You can sit here and have an argument about Nyquist-Shannon, but it isn't relevant for lots of music made in the past 40 years since it was made or recorded digitally.
If your work was made with a DAW there's no point to analog.
I've got a record from a smaller artist somewhere that I swear has fucking mp3 compression in it, because they don't know how to export their shit like an adult.
The only meaningful difference between them is that digital is cheaper to copy. Your ears are analog though, so everything you've ever heard in your entire life is 100% pure analog, and I explicitly said in the post you seem to think that you're disagreeing with that they're both orders of magnitude better than they need to be.
@zephr_c@nifty The character in the drawing is Hatsune Miku, so this is alluding to vocaloid music which could be produced purely digitally as you say.
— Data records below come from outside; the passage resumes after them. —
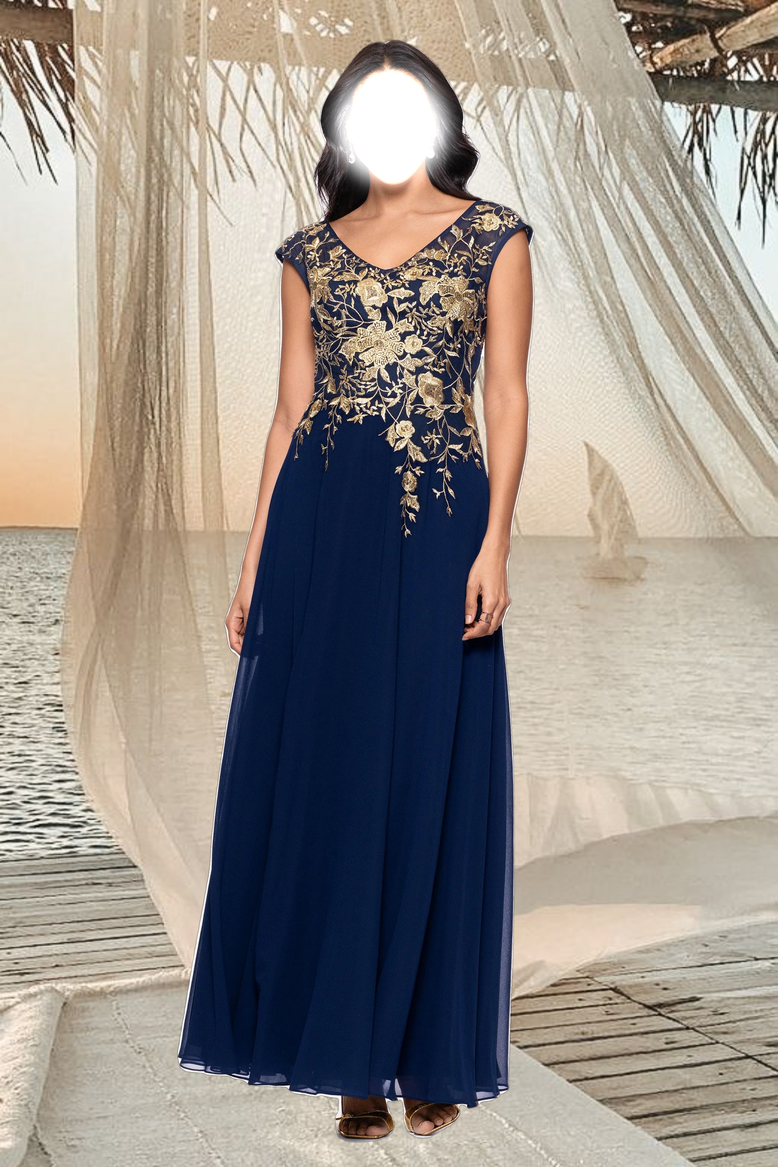 "Maeve" Chiffon Embroidered Bodice Floor Length Dress
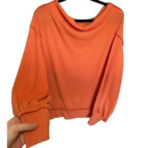 Free People Main Squeeze Hacci Top Long Balloon Sleeve Ribbed Orange Size XS
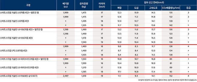 그리고 글을 작성하고 있는 5월 2일 기준으로는 하이브리드 모델의 경우 친환경 자동차 인증 및 고시 확정 이전이므로 가격표가 공개되지 않은 상태입니다. 따라서 오늘은 하이브리드를 제외한 가솔린과 LPG 모델에 한정하여 업로드 하도록 하겠습니다.
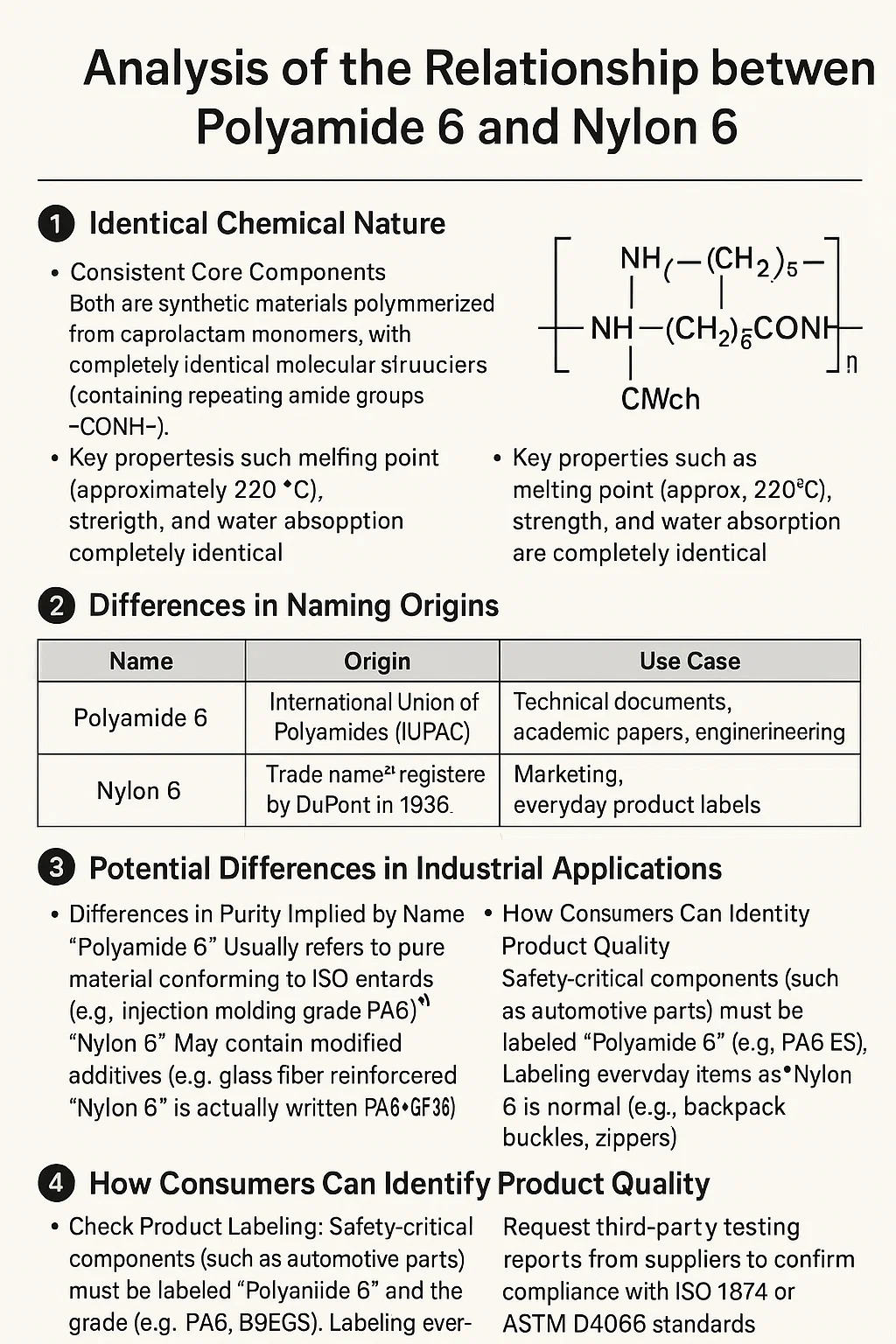 • 一貫したコア成分: どちらもカプロラクタムモノマーから重合された合成材料であり、完全に同一の分子構造 (繰り返しのアミド基 -CONH- を含む) を持ちます。

Sure, and there's nothing wrong with that. They're both plenty good enough, and digital is cheaper to copy accurately. It's also actually possible to make a copy of a copy of a copy digitally and have it still be accurate. I wasn't attempting to say we shouldn't use digital, or that it has no advantages, just that the argument in the original post makes no sense.
True. I wasn't trying to argue that there are no advantages to digital, or even that we should go back to analog. Just that the argument in the post doesn't make sense.